--- START ---

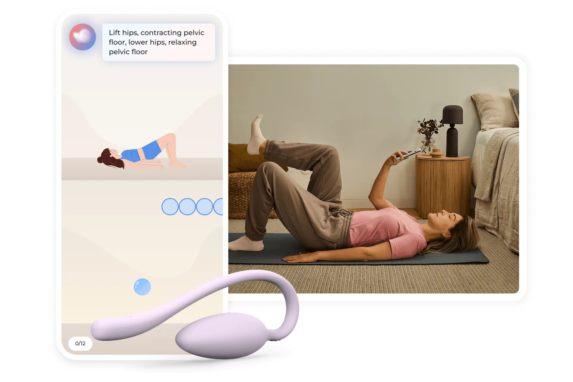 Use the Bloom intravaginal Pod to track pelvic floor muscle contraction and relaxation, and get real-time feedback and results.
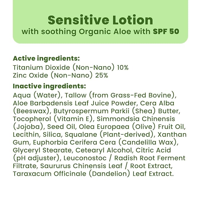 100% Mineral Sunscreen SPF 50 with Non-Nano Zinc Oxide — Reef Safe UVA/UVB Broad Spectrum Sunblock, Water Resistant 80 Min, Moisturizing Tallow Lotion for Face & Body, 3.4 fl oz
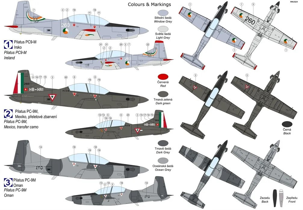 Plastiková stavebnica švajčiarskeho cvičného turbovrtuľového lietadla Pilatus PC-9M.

--- END ---

§ **Work instruction**
Repeat the data exactly, dropping every picture it holds.

§ **Output for this exercise**
 Use the Bloom intravaginal Pod to track pelvic floor muscle contraction and relaxation, and get real-time feedback and results.
 100% Mineral Sunscreen SPF 50 with Non-Nano Zinc Oxide — Reef Safe UVA/UVB Broad Spectrum Sunblock, Water Resistant 80 Min, Moisturizing Tallow Lotion for Face & Body, 3.4 fl oz
 Plastiková stavebnica švajčiarskeho cvičného turbovrtuľového lietadla Pilatus PC-9M.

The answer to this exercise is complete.